*** Listed entries ***
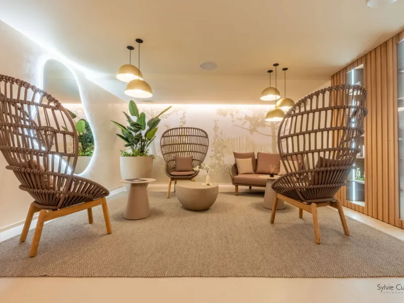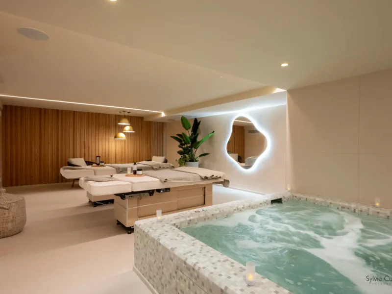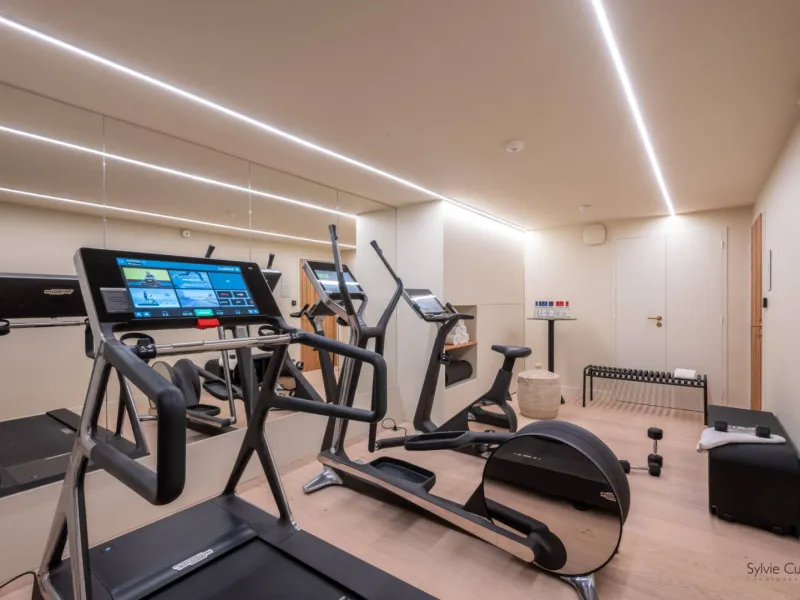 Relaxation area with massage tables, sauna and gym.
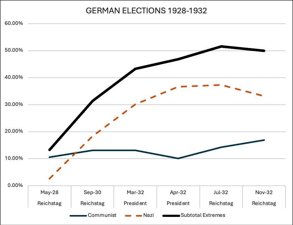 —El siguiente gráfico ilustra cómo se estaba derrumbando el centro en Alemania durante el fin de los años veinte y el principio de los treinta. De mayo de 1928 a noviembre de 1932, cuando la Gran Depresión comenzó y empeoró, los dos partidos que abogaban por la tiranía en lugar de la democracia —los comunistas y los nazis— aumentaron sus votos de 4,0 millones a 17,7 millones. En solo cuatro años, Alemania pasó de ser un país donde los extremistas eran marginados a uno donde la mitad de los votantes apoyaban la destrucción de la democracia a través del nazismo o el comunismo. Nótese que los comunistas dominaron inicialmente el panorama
*** End of Listed entries ***
*** Listed entries ***
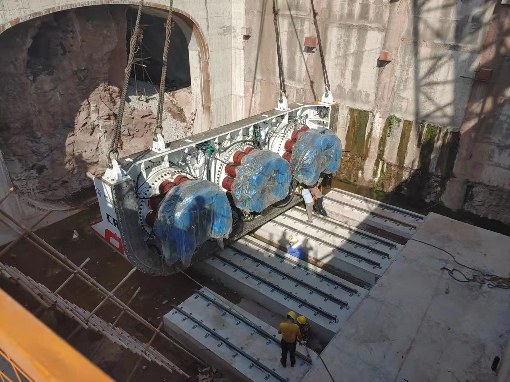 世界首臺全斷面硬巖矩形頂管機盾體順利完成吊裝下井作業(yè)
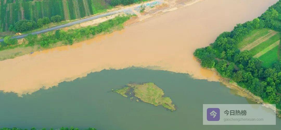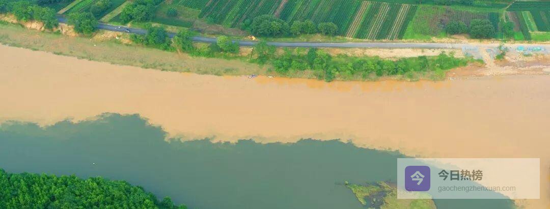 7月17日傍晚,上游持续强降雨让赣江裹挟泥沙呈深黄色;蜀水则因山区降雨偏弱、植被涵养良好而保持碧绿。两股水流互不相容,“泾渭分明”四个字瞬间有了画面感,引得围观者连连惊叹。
*** End of Listed entries ***
- _The task_: The copy should hold only the lines from the one with "Relaxation area with" through the one with "inicialmente el panorama", exactly as they stand above. Leave out the pictures.

- _Exercise result_:
 Relaxation area with massage tables, sauna and gym.
 —El siguiente gráfico ilustra cómo se estaba derrumbando el centro en Alemania durante el fin de los años veinte y el principio de los treinta. De mayo de 1928 a noviembre de 1932, cuando la Gran Depresión comenzó y empeoró, los dos partidos que abogaban por la tiranía en lugar de la democracia —los comunistas y los nazis— aumentaron sus votos de 4,0 millones a 17,7 millones. En solo cuatro años, Alemania pasó de ser un país donde los extremistas eran marginados a uno donde la mitad de los votantes apoyaban la destrucción de la democracia a través del nazismo o el comunismo. Nótese que los comunistas dominaron inicialmente el panorama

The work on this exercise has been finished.